The pictures in the listing below are to be skipped, while the lines between the line holding "我院成功立项教育部2024年" and the line holding "I'm selling a", inclusive, are to be output exactly.

• DATA FOR THIS EXERCISE:
==========
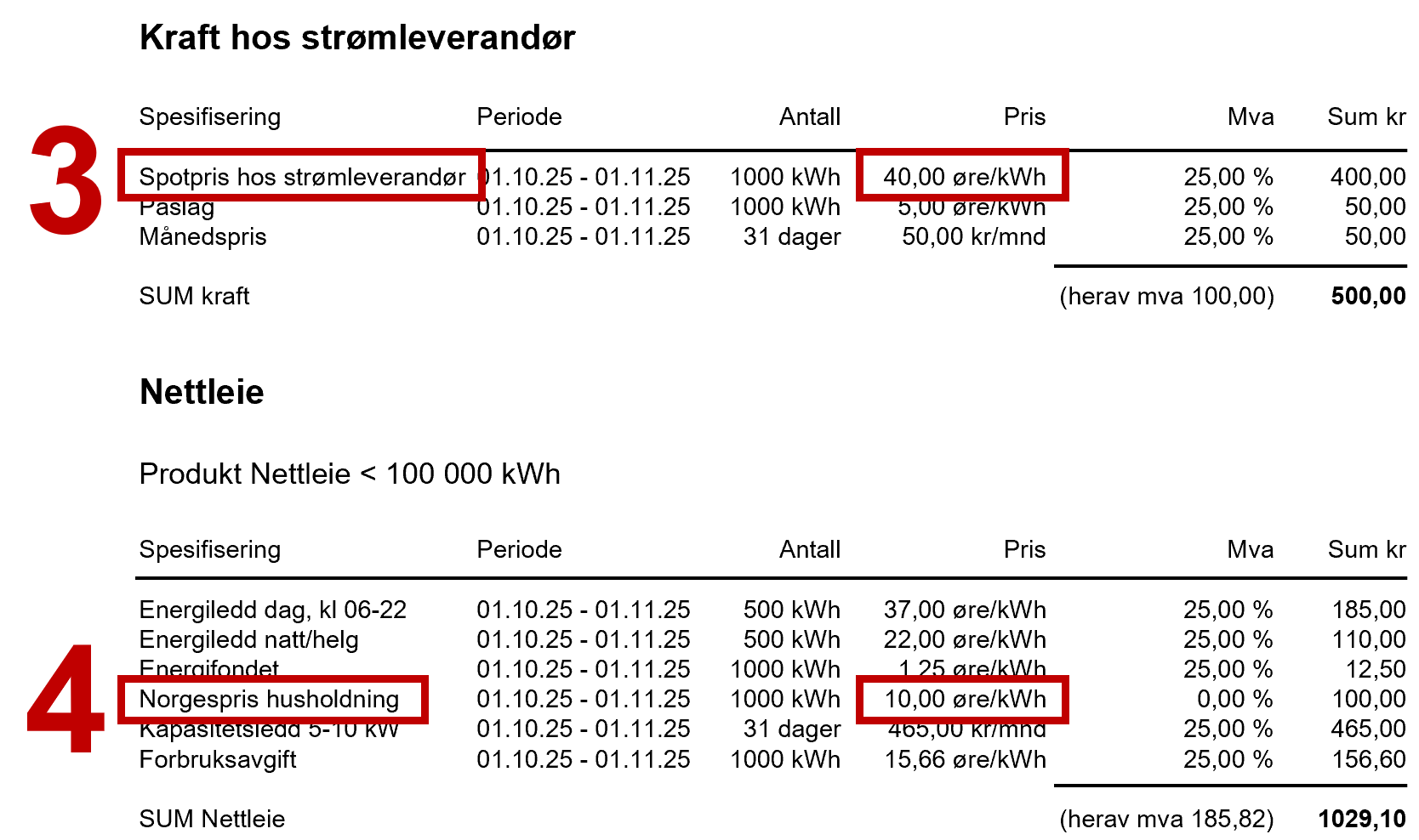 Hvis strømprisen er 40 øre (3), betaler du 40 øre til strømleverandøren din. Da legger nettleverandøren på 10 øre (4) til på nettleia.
==========
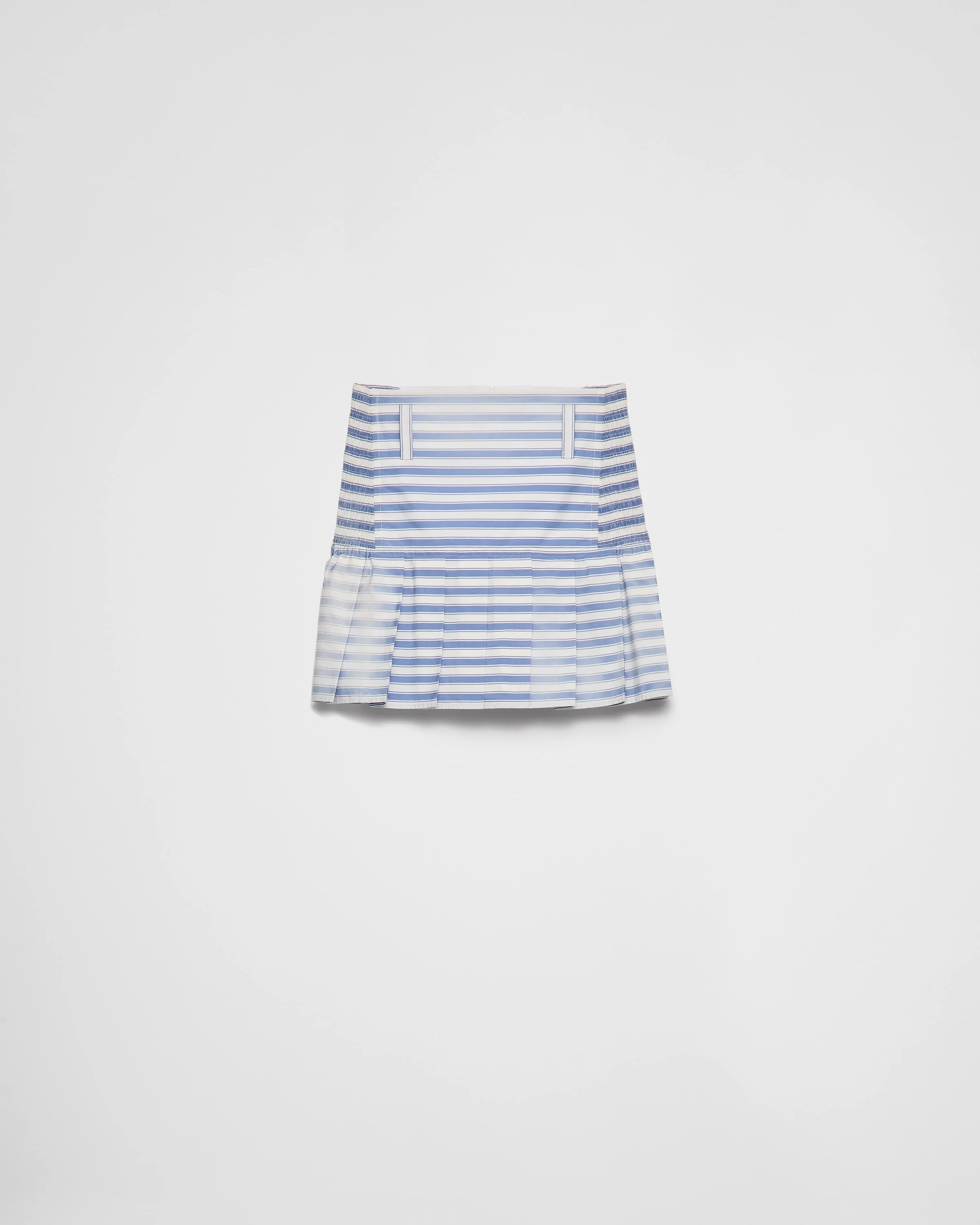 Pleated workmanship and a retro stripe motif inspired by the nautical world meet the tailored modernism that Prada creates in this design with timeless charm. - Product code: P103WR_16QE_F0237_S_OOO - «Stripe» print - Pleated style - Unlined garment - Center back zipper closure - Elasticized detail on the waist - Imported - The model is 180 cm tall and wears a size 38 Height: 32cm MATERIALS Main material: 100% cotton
==========
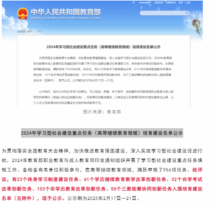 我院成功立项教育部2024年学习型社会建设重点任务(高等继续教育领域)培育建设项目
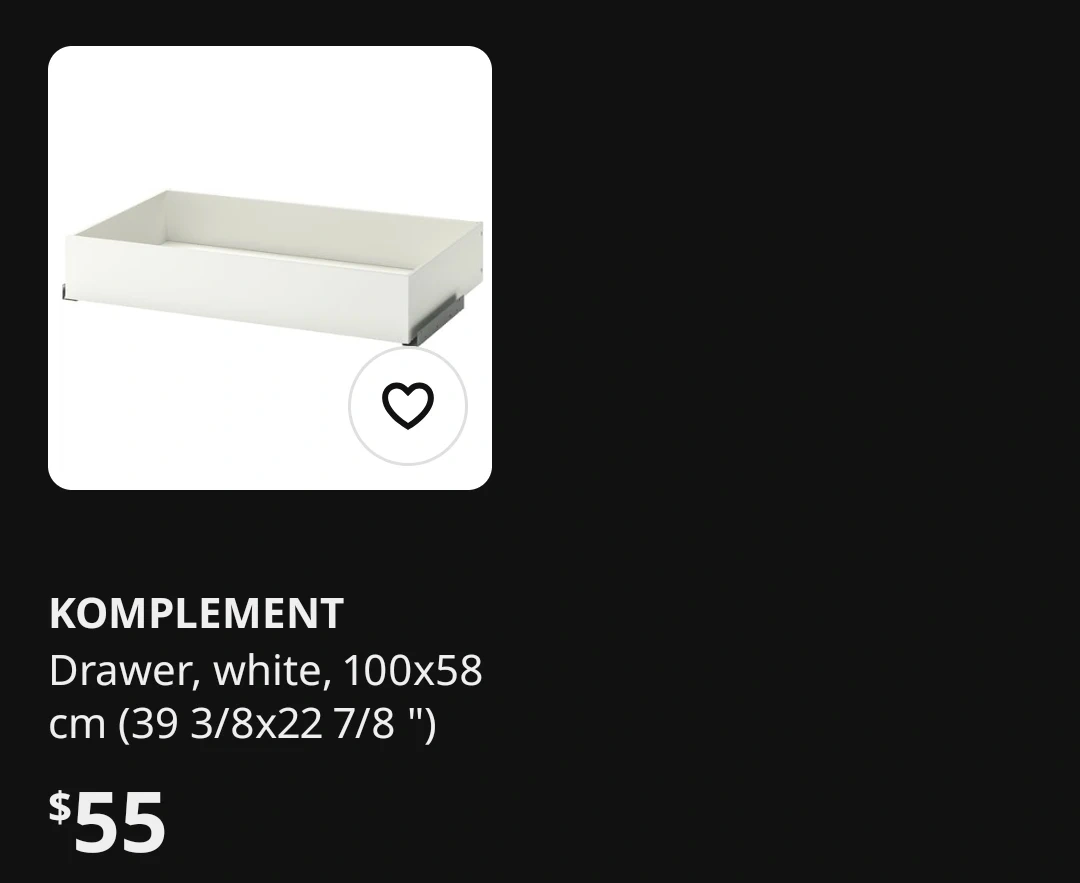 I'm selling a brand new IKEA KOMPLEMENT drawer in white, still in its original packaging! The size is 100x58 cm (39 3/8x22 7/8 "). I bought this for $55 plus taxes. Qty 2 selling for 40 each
==========
• WRITTEN SOLUTION:
 我院成功立项教育部2024年学习型社会建设重点任务(高等继续教育领域)培育建设项目
 I'm selling a brand new IKEA KOMPLEMENT drawer in white, still in its original packaging! The size is 100x58 cm (39 3/8x22 7/8 "). I bought this for $55 plus taxes. Qty 2 selling for 40 each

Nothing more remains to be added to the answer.